Assignment: Leave out the images and repeat the listing below without a single change.

Stored data:
■ ■ ■
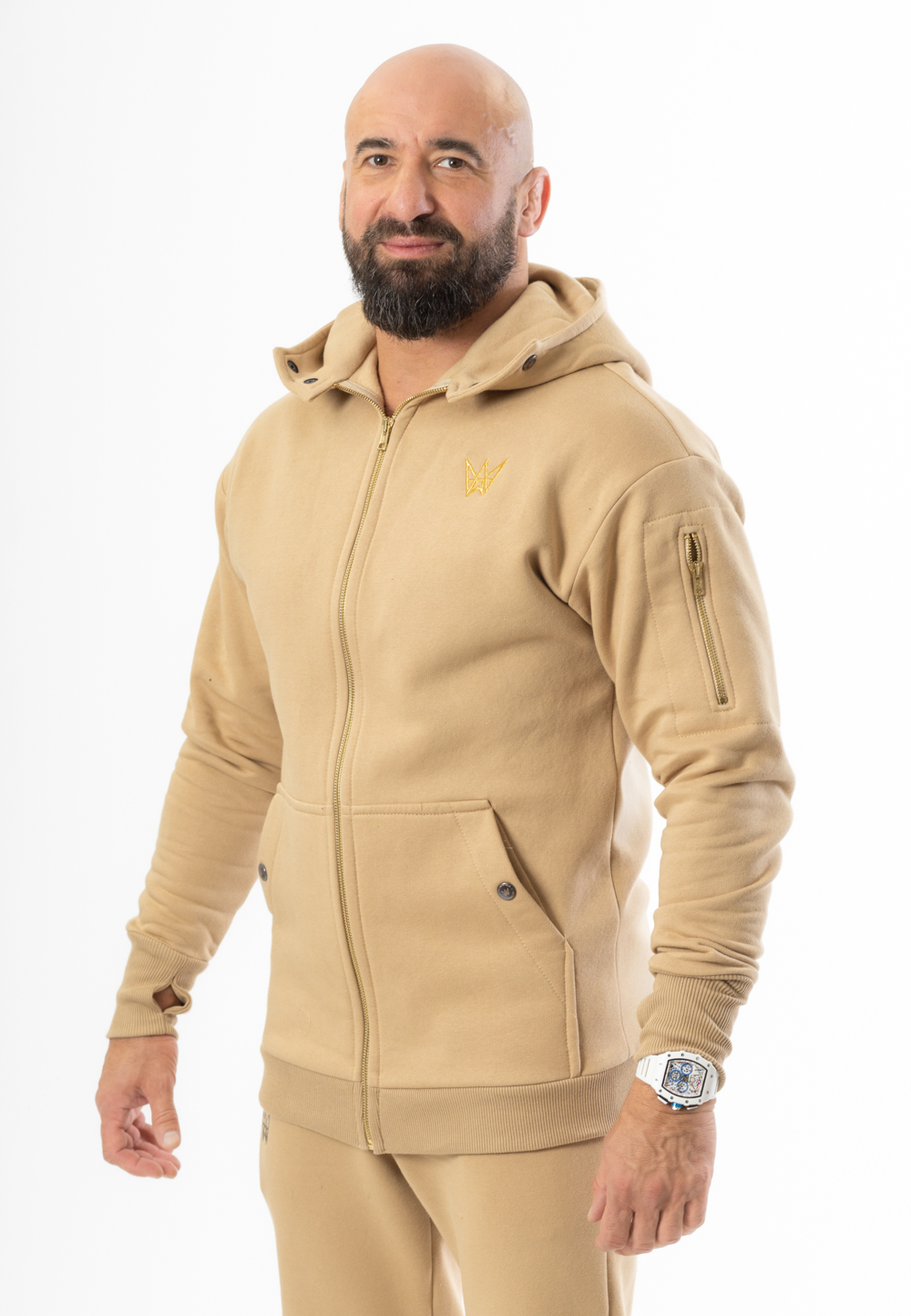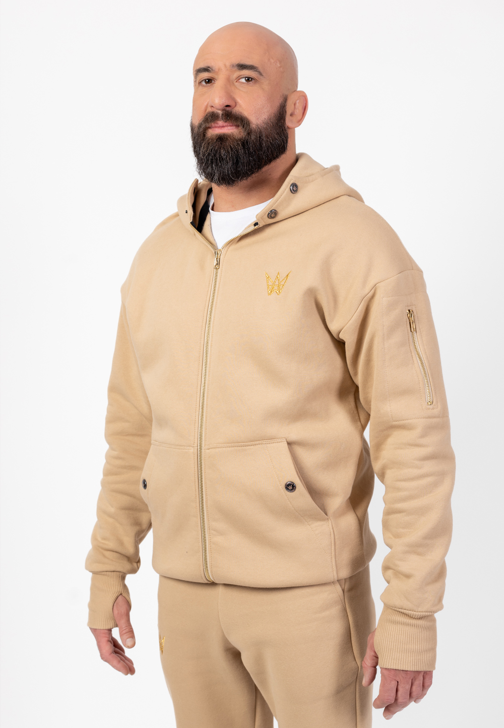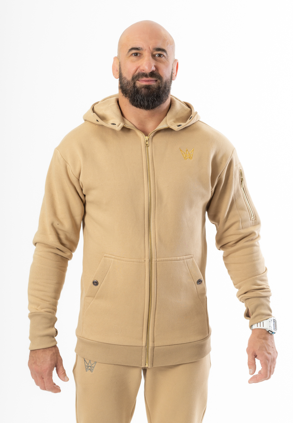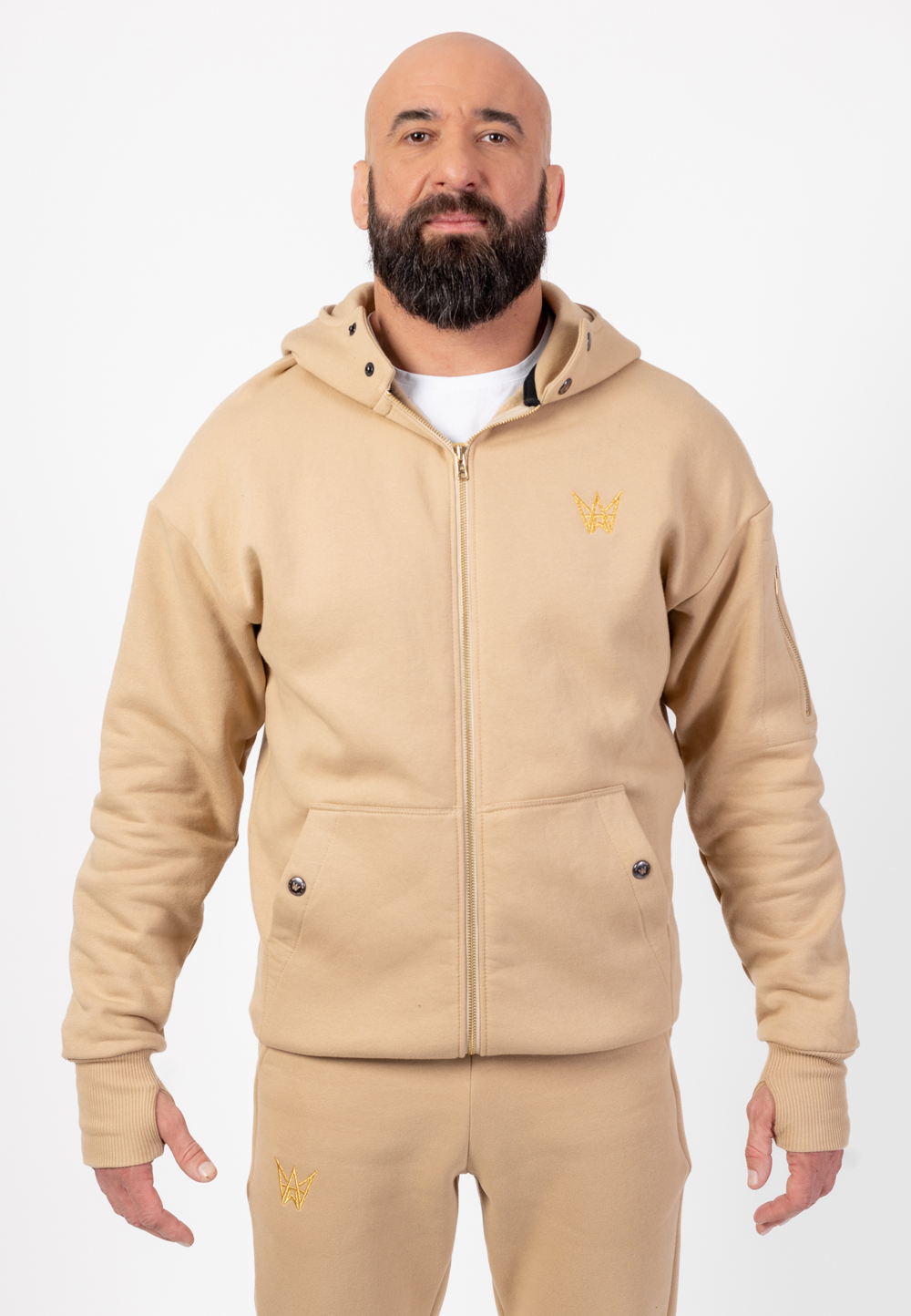 Model Grizzly 2w1 - Beżowa gruba bluza męska z kapturem
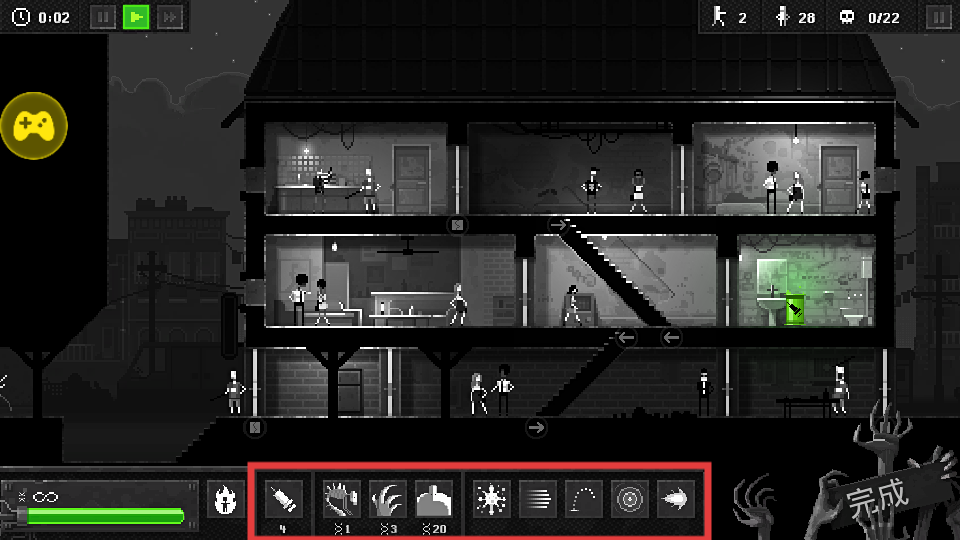 2、游戏中借助下方红色方框内的无限道具栏,选择合适道具,对场景内的人类发起攻击,高效感染。
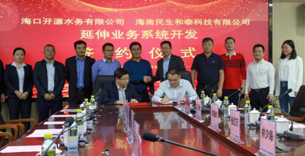 11月30日上午,海口開源水務有限公司與海南民生和泰科技有限公司線上延伸業(yè)務系統(tǒng)開發(fā)簽約儀式在海南民生燃氣多功能會議廳圓滿完成。海口市水務集團有限公司總經(jīng)理孫傳志、總工程師張浩,海口開源水務有限公司總經(jīng)理諶樂強、副總經(jīng)理林志珍、副總經(jīng)理陳傳平、黨總支副書記張運毅,海口威立雅水務有限公司總經(jīng)理田剛,以及海南民生管道燃氣有限公司總裁李曉峰、副總裁王奮、副總裁楊紅日,海南益正聯(lián)合建工集團有限公司總經(jīng)理林少海,海南民生和泰科技有限公司總經(jīng)理陳遠達、副總經(jīng)理鮑金霞等相關(guān)領(lǐng)導共同出席了此次簽約活動。
■ ■ ■
Answer for the task:
 Model Grizzly 2w1 - Beżowa gruba bluza męska z kapturem
 2、游戏中借助下方红色方框内的无限道具栏,选择合适道具,对场景内的人类发起攻击,高效感染。
 11月30日上午,海口開源水務有限公司與海南民生和泰科技有限公司線上延伸業(yè)務系統(tǒng)開發(fā)簽約儀式在海南民生燃氣多功能會議廳圓滿完成。海口市水務集團有限公司總經(jīng)理孫傳志、總工程師張浩,海口開源水務有限公司總經(jīng)理諶樂強、副總經(jīng)理林志珍、副總經(jīng)理陳傳平、黨總支副書記張運毅,海口威立雅水務有限公司總經(jīng)理田剛,以及海南民生管道燃氣有限公司總裁李曉峰、副總裁王奮、副總裁楊紅日,海南益正聯(lián)合建工集團有限公司總經(jīng)理林少海,海南民生和泰科技有限公司總經(jīng)理陳遠達、副總經(jīng)理鮑金霞等相關(guān)領(lǐng)導共同出席了此次簽約活動。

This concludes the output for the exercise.